AVAILABLE DATA Start Marker

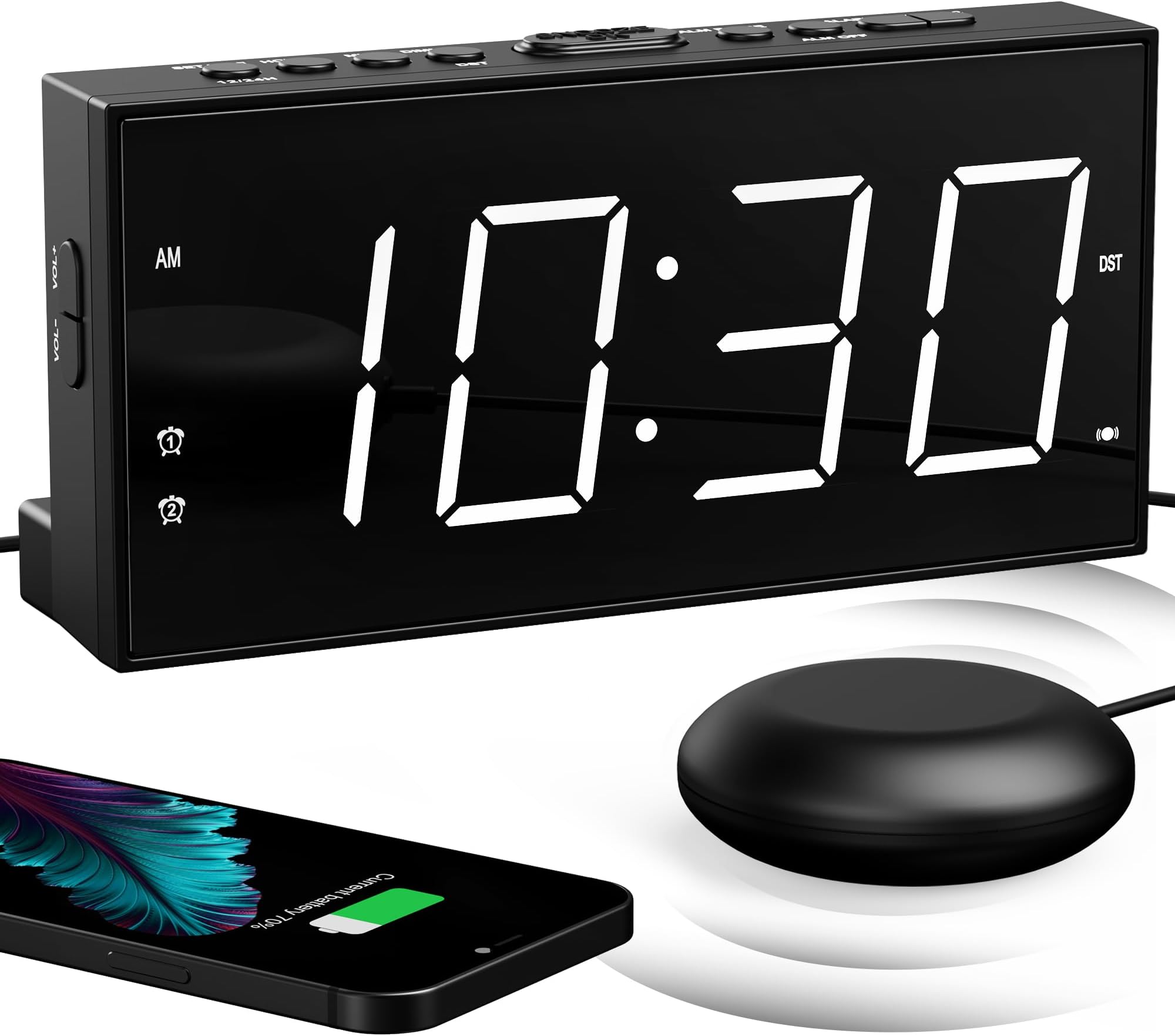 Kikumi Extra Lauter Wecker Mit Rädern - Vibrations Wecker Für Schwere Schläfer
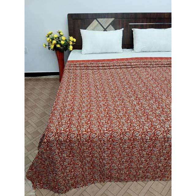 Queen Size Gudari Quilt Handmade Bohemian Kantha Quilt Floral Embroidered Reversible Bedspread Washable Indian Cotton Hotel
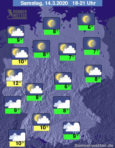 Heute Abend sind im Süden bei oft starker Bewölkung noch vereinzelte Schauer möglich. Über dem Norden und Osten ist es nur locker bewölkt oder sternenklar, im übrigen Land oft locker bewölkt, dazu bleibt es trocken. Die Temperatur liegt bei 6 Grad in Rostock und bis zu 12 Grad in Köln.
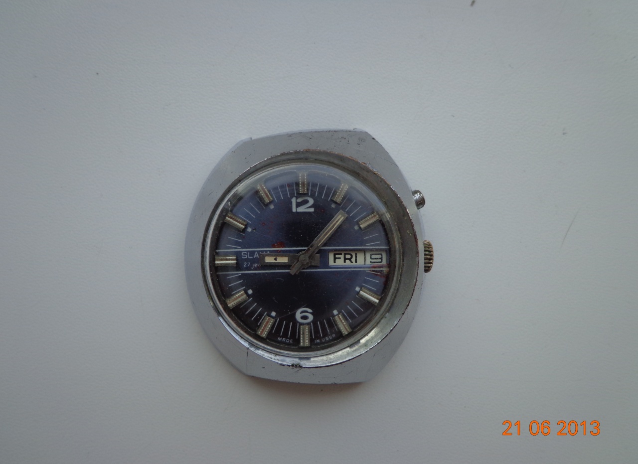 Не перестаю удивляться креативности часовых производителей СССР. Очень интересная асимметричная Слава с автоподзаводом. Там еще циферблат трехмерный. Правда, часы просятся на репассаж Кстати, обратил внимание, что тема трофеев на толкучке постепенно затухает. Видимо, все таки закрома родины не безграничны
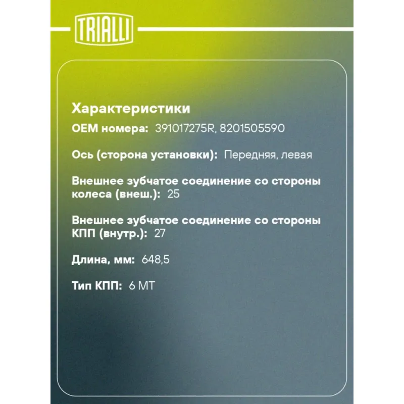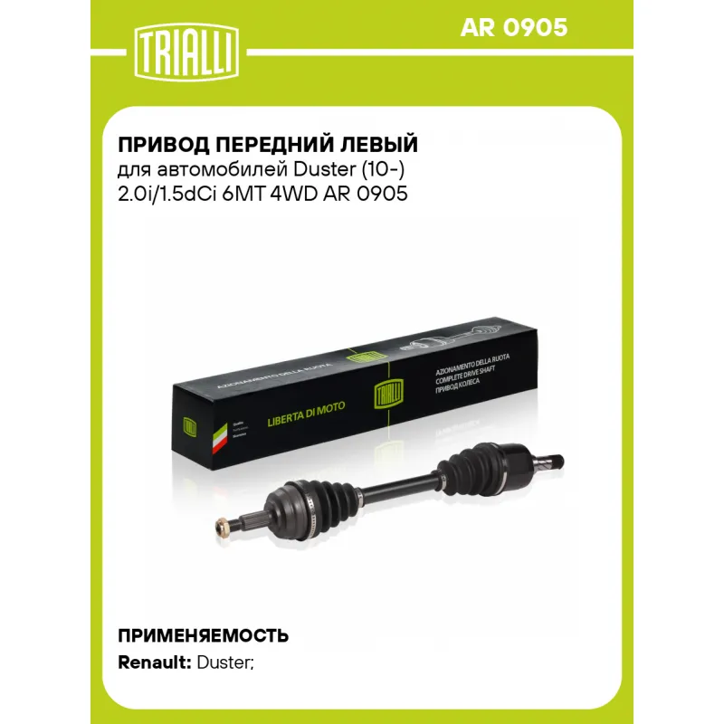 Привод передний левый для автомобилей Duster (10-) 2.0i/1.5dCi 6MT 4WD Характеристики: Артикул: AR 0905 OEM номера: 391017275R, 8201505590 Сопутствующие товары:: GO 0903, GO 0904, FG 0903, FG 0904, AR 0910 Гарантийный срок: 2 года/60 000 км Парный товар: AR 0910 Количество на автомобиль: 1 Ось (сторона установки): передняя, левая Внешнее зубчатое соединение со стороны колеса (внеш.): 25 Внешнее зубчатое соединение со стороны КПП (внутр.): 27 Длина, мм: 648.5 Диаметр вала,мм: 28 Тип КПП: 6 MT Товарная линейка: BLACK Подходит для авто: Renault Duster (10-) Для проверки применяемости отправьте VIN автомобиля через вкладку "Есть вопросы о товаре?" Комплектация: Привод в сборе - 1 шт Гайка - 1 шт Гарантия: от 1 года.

AVAILABLE DATA End Marker

WHAT YOU WILL DO: Write out again, exactly, each line from the one with "Не перестаю удивляться" to the end of the entries. No pictures go in.

RESPONSE AREA:
 Не перестаю удивляться креативности часовых производителей СССР. Очень интересная асимметричная Слава с автоподзаводом. Там еще циферблат трехмерный. Правда, часы просятся на репассаж Кстати, обратил внимание, что тема трофеев на толкучке постепенно затухает. Видимо, все таки закрома родины не безграничны
 Привод передний левый для автомобилей Duster (10-) 2.0i/1.5dCi 6MT 4WD Характеристики: Артикул: AR 0905 OEM номера: 391017275R, 8201505590 Сопутствующие товары:: GO 0903, GO 0904, FG 0903, FG 0904, AR 0910 Гарантийный срок: 2 года/60 000 км Парный товар: AR 0910 Количество на автомобиль: 1 Ось (сторона установки): передняя, левая Внешнее зубчатое соединение со стороны колеса (внеш.): 25 Внешнее зубчатое соединение со стороны КПП (внутр.): 27 Длина, мм: 648.5 Диаметр вала,мм: 28 Тип КПП: 6 MT Товарная линейка: BLACK Подходит для авто: Renault Duster (10-) Для проверки применяемости отправьте VIN автомобиля через вкладку "Есть вопросы о товаре?" Комплектация: Привод в сборе - 1 шт Гайка - 1 шт Гарантия: от 1 года.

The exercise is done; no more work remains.